* [WHAT TO DO]
Please return the listing below exactly, without any of its pictures.
RAW DATA START
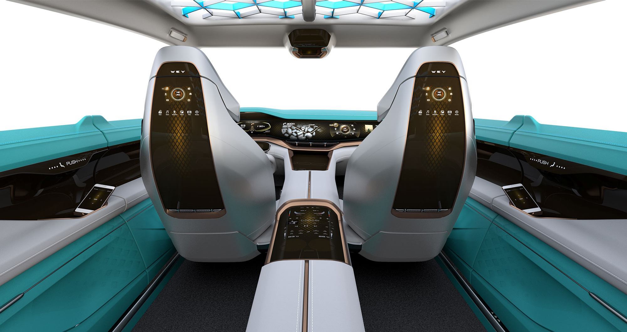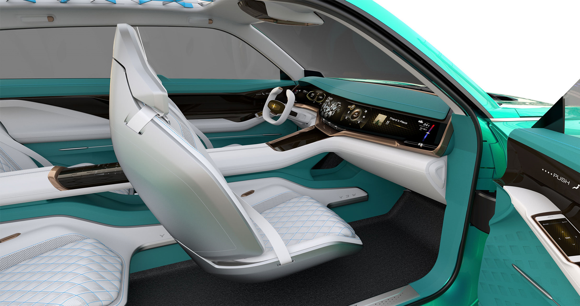 Новые картинки подтвердили опасения, что концепт — неходовой макет, напрочь оторванный от реальности. Интерьерщикам, кажется, нужно было под завязку набить салон сенсорными экранами, и они превратили в дисплей всю переднюю панель, центральный тоннель, спинки кресел, дверные карты. В коннект-карах иначе нельзя.
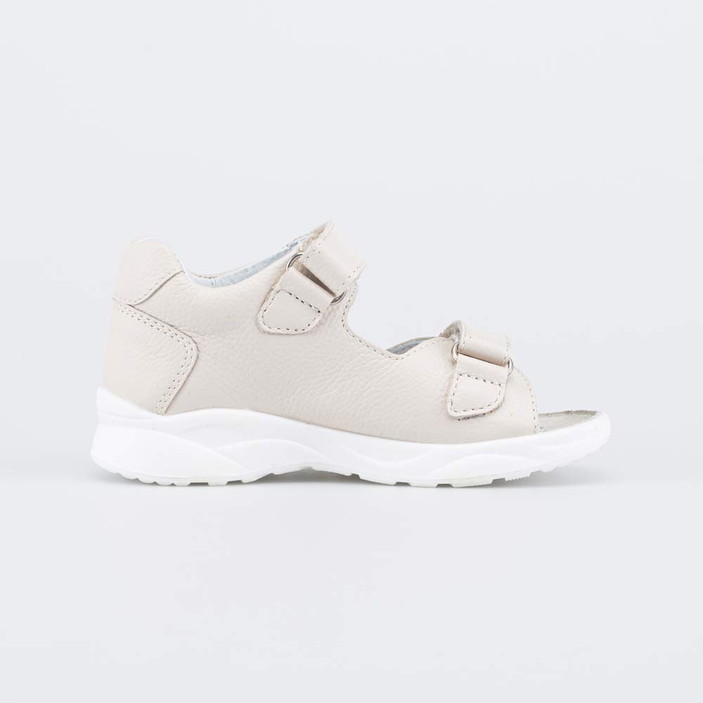 Детские сандалии имеют верх из натуральной кожи бежевого цвета. Подкладка и несъемная стелька из белой натуральной кожи обеспечивают гигиенические свойства и защищают носочки от окрашивания.
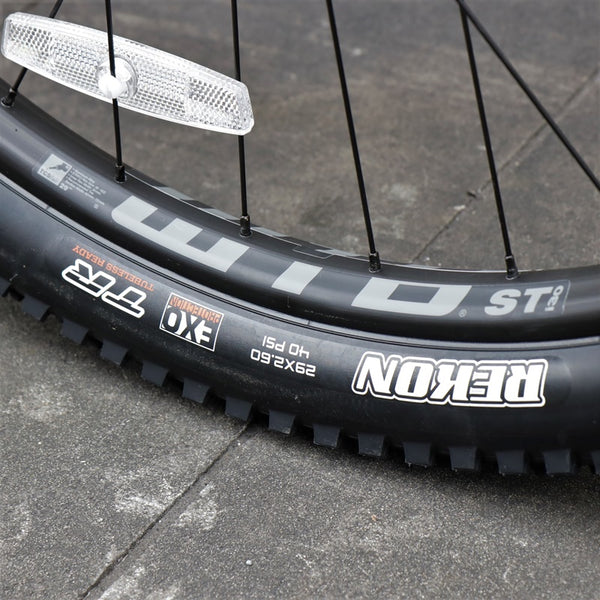 タイヤはトレイル向けの MAXXIS REKON(29×2.6) 、MTBとしてのポテンシャルが高まった印象。セミファットタイヤはトレイルでも走破性抜群です。
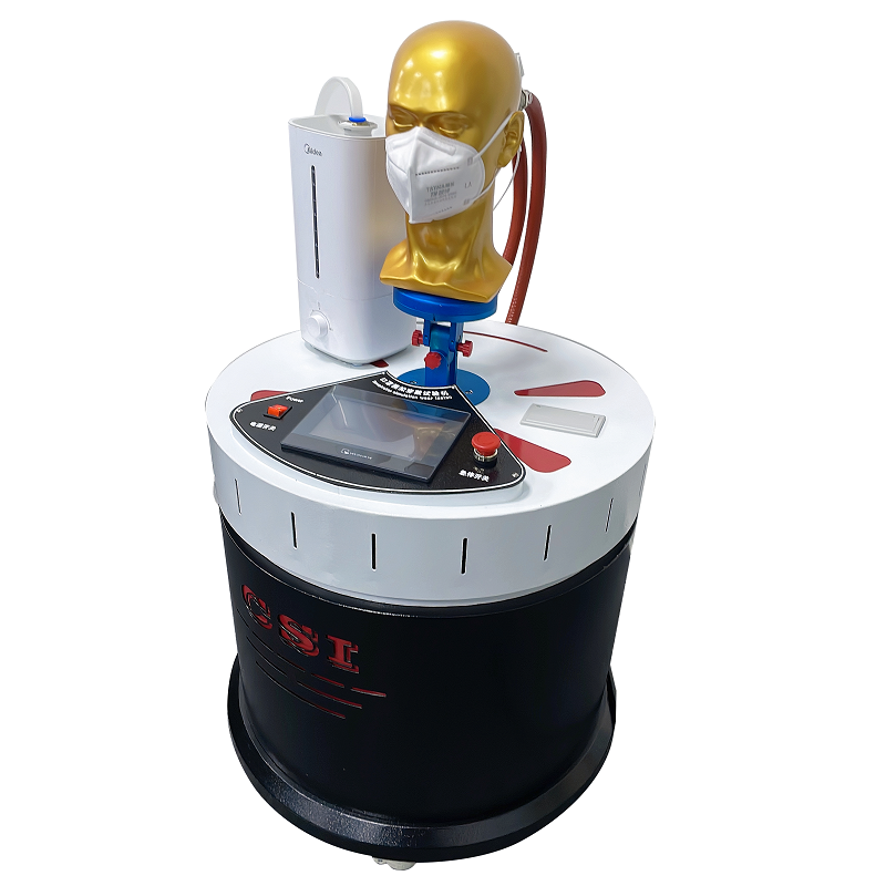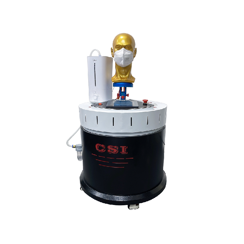 模擬穿戴預處理機,由呼吸模擬器、試驗頭模、飽和水蒸氣發(fā)生裝置、溫度控制裝置、 流量計等組成,可控制呼吸模擬器以25次/分鐘,每次2L的呼吸量運行??煽刂祁^模嘴巴附近飽和水蒸氣的溫度為(37+2) °。開啟預處理裝置,使呼吸裝置及飽和水蒸氣發(fā)生裝置進入工作狀態(tài),直到達到穩(wěn)定。將呼氣器以氣密的方式佩戴在匹配的試驗頭模上,測試20分鐘左右。從呼吸器上取下顆粒物過濾材料,然后重新安裝上去,繼續(xù)重復測試10次。
RAW DATA END
* [REPLY]
 Новые картинки подтвердили опасения, что концепт — неходовой макет, напрочь оторванный от реальности. Интерьерщикам, кажется, нужно было под завязку набить салон сенсорными экранами, и они превратили в дисплей всю переднюю панель, центральный тоннель, спинки кресел, дверные карты. В коннект-карах иначе нельзя.
 Детские сандалии имеют верх из натуральной кожи бежевого цвета. Подкладка и несъемная стелька из белой натуральной кожи обеспечивают гигиенические свойства и защищают носочки от окрашивания.
 タイヤはトレイル向けの MAXXIS REKON(29×2.6) 、MTBとしてのポテンシャルが高まった印象。セミファットタイヤはトレイルでも走破性抜群です。
 模擬穿戴預處理機,由呼吸模擬器、試驗頭模、飽和水蒸氣發(fā)生裝置、溫度控制裝置、 流量計等組成,可控制呼吸模擬器以25次/分鐘,每次2L的呼吸量運行??煽刂祁^模嘴巴附近飽和水蒸氣的溫度為(37+2) °。開啟預處理裝置,使呼吸裝置及飽和水蒸氣發(fā)生裝置進入工作狀態(tài),直到達到穩(wěn)定。將呼氣器以氣密的方式佩戴在匹配的試驗頭模上,測試20分鐘左右。從呼吸器上取下顆粒物過濾材料,然后重新安裝上去,繼續(xù)重復測試10次。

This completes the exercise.